Can people provide the information you want? Some data may be hard for respondents to recall or measure accurately.
Will people provide truthful answers? Especially for sensitive topics.
Steps in the survey research process:
Identify the Population: Clearly define the target group for the survey.
Develop a Questionnaire: Create a set of questions designed to elicit the desired information.
Pretest Questionnaire: Test the questionnaire with a small group similar to the target population to: Ensure the wording is unambiguous and clear. Validate the questions, ensuring they measure what they intend to measure.
Recruit and Train Interviewers: If applicable, select and equip interviewers with the necessary skills to avoid biasing interviewees.
Collect Data: Administer the survey to the identified population.
Analyze and Present Findings: Process the collected data and communicate the results.
Modes of survey data collection:
Intercept Interview Surveys: An interview technique known for constant feedback and generally high response rates. Typically conducted in high-traffic public spaces such as shopping malls.
Household Interview Surveys: In-person interviews conducted in the respondents' homes. Often high-quality data; advantages include high response rates; disadvantages include time, cost, logistical clustering, potential social desirability bias, and interviewer effects; use of CAPI/CASI to improve administration and confidentiality. Common for sensitive topics like income or health.
Telephone Interview Surveys: Conducted over the phone, often for customer satisfaction or public opinion polling. Fast and cost-effective; use RDD for sampling; CATI for live data capture; high effort required to reach respondents; declining response rates; BRFSS as a major US example.
Automated Telephone Surveys (IVR/robocalls): Surveys where questions are asked and responses collected using automated voice systems. Very low cost but often low response rates; best for short, simple questionnaires; risk of leading questions and push polls.
Mail Self-Administered Surveys: Questionnaires sent via mail for respondents to complete and return on their own. Cost-effective, especially for limited literacy populations with complete sampling frames; Dillman’s Tailored Design Method (TDM) emphasizes multi-contact strategies and careful design to boost response rates; limitations include literacy requirements and potential skip/response issues.
Group Self-Administered Surveys: A practical and cost-effective method where surveys are completed by a group of respondents simultaneously, often in a classroom or meeting setting.
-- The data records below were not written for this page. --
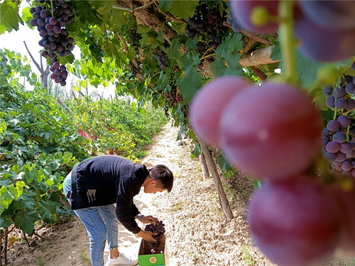 采摘園內(nèi),萬(wàn)紫千紅的葡萄映入眼簾,陽(yáng)光的照耀下,顆顆顯得搖搖欲墜。到達(dá)目的地后,“工作組”成員頂著大太陽(yáng)便開(kāi)始在葡萄架中穿梭,剪下的每一串葡萄都是用心挑選。隨著汗珠的滴落,一串串的葡萄也被裝入了箱內(nèi)。看著壘起來(lái)的滿(mǎn)滿(mǎn)數(shù)十箱葡萄,再想到員工們也很快就能?chē)L到這么甜美的果實(shí),工作組人員的心里便樂(lè)開(kāi)了花,一切的疲憊也隨之煙消云散。
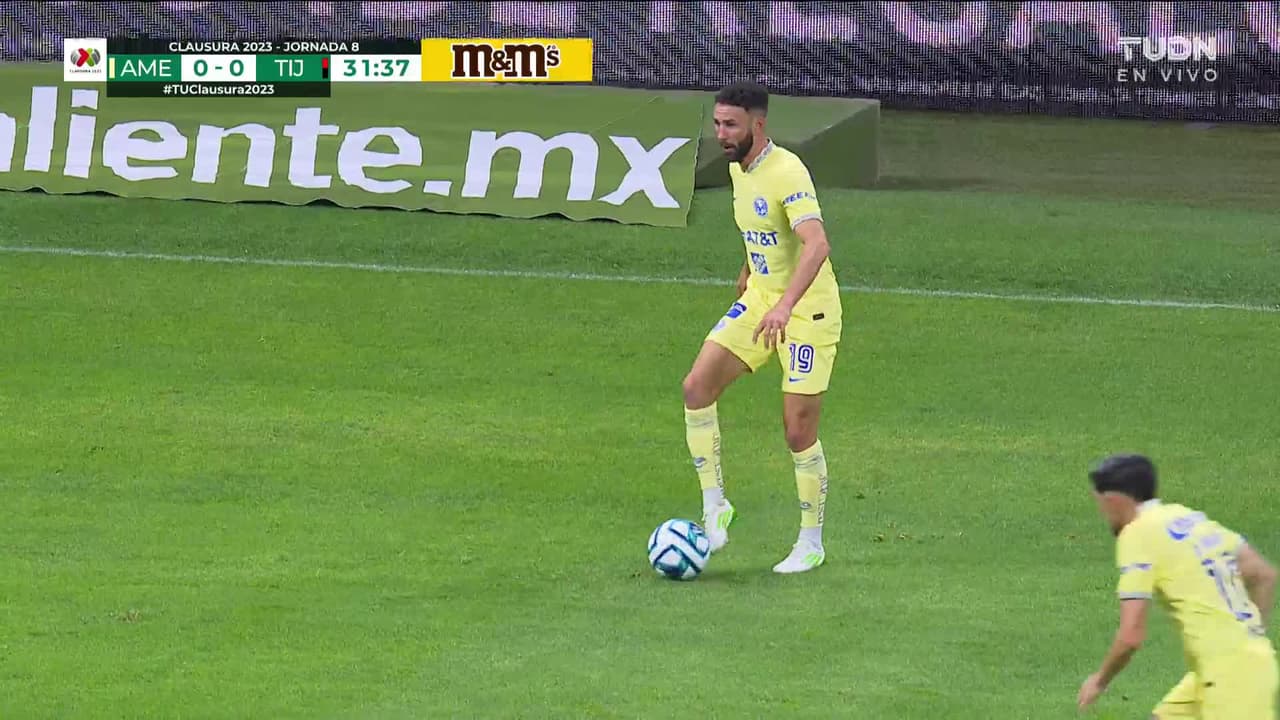 Tiro atajado. Leonardo Suárez (América) disparo de cabeza desde el centro del área.
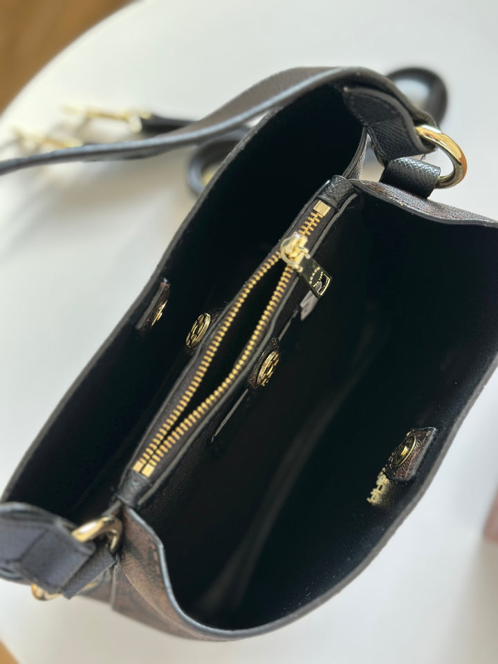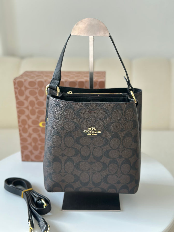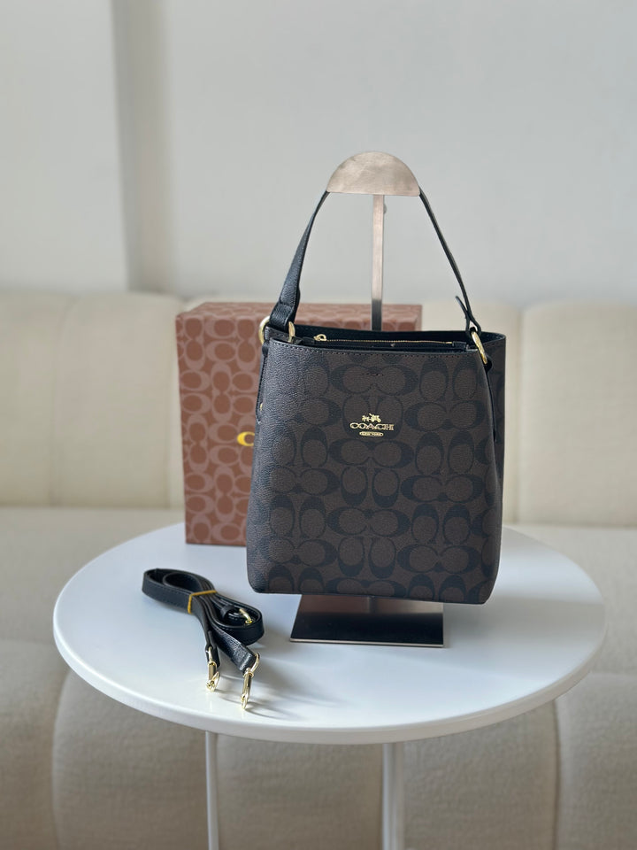 حقيبة كوتش بطانة اسود قاعدة 22سم مع حزام وعلبة 🤎
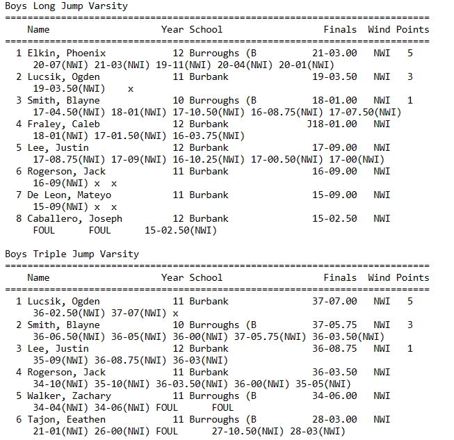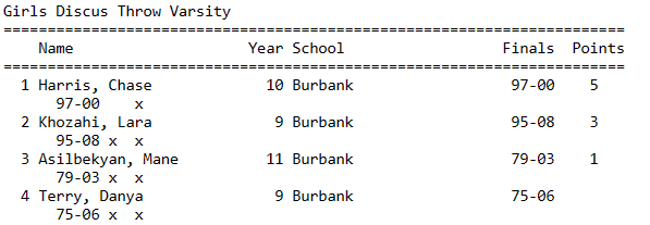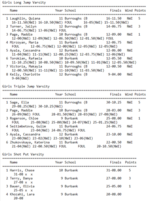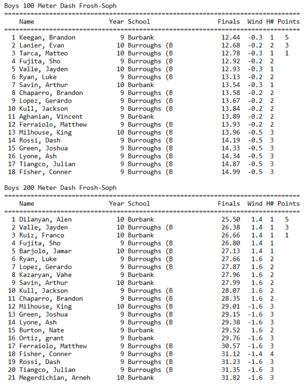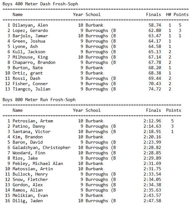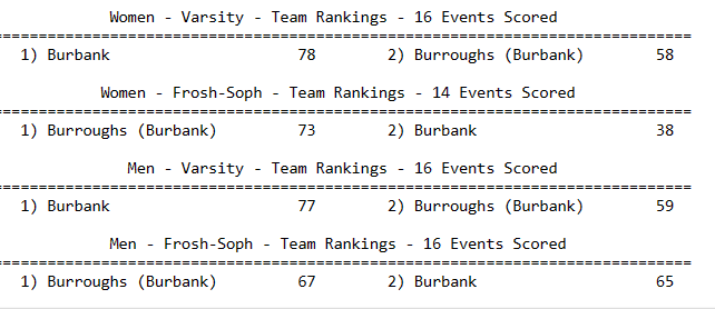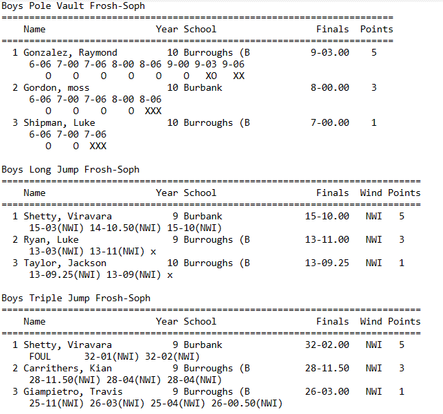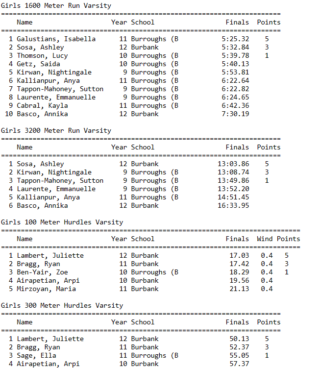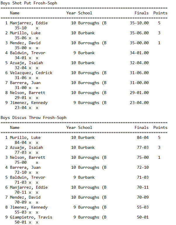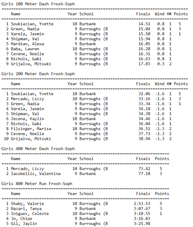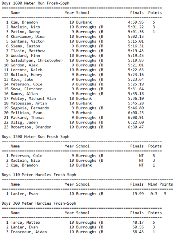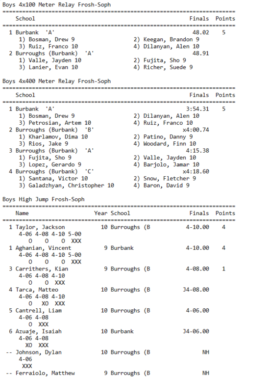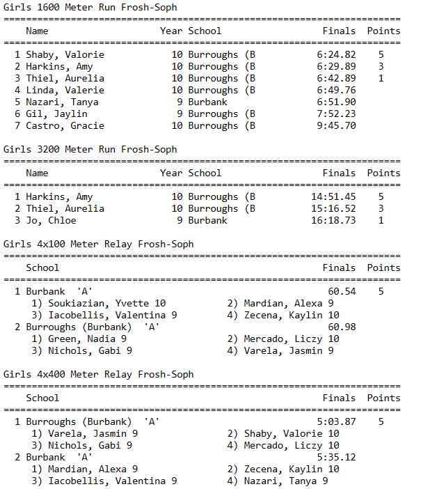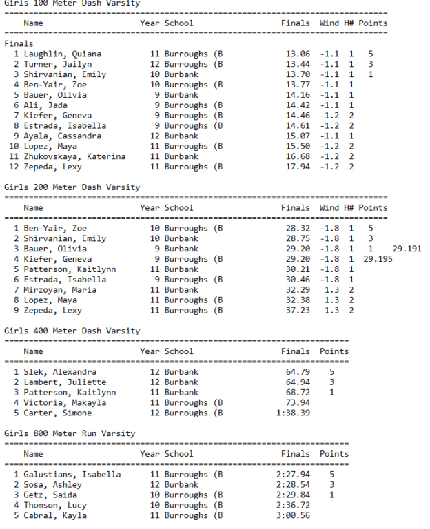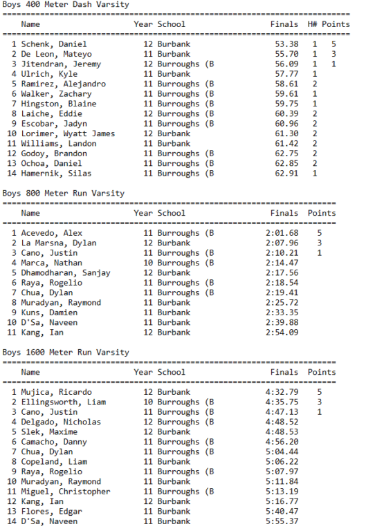Burbank and Burroughs squared off in a dual meet at Memorial Field Thursday afternoon.

Administered in settings like schools/worksites; advantages include efficiency and supervision; disadvantages include clustering effects and potential response bias due to group dynamics; YRBSS as a prominent example.
Web/Internet Surveys: Rapid, low-cost, flexible; best when you have an established email list or use opt-in panels; can incorporate sophisticated skip patterns and multimedia; drawbacks include spam fatigue, panel attrition, duplicate responses, and tech issues across devices. Surveys administered online, typically via email invitations or website links.
Establishment Surveys: Surveys focused on collecting data from companies and/or organizations rather than individuals. Involve multiple potential respondents within an organization; mixed-mode approaches may be used to reach diverse respondents; gatekeepers can make contact challenging.
Panel or longitudinal surveys: track the same respondents over time; challenges include attrition and maintaining contact information; use incentives and careful tracking to reduce loss to follow-up.
Mixing modes: mixed-mode surveys can improve coverage but introduce mode effects (responses may differ by mode), sample frame incompatibilities, and interpretation challenges.
Crafting a questionnaire: start with purpose/constructs; consider one or two essential questions; use mock tables to design questions that will yield needed analyses; replicate questions from established surveys where possible to enable comparability.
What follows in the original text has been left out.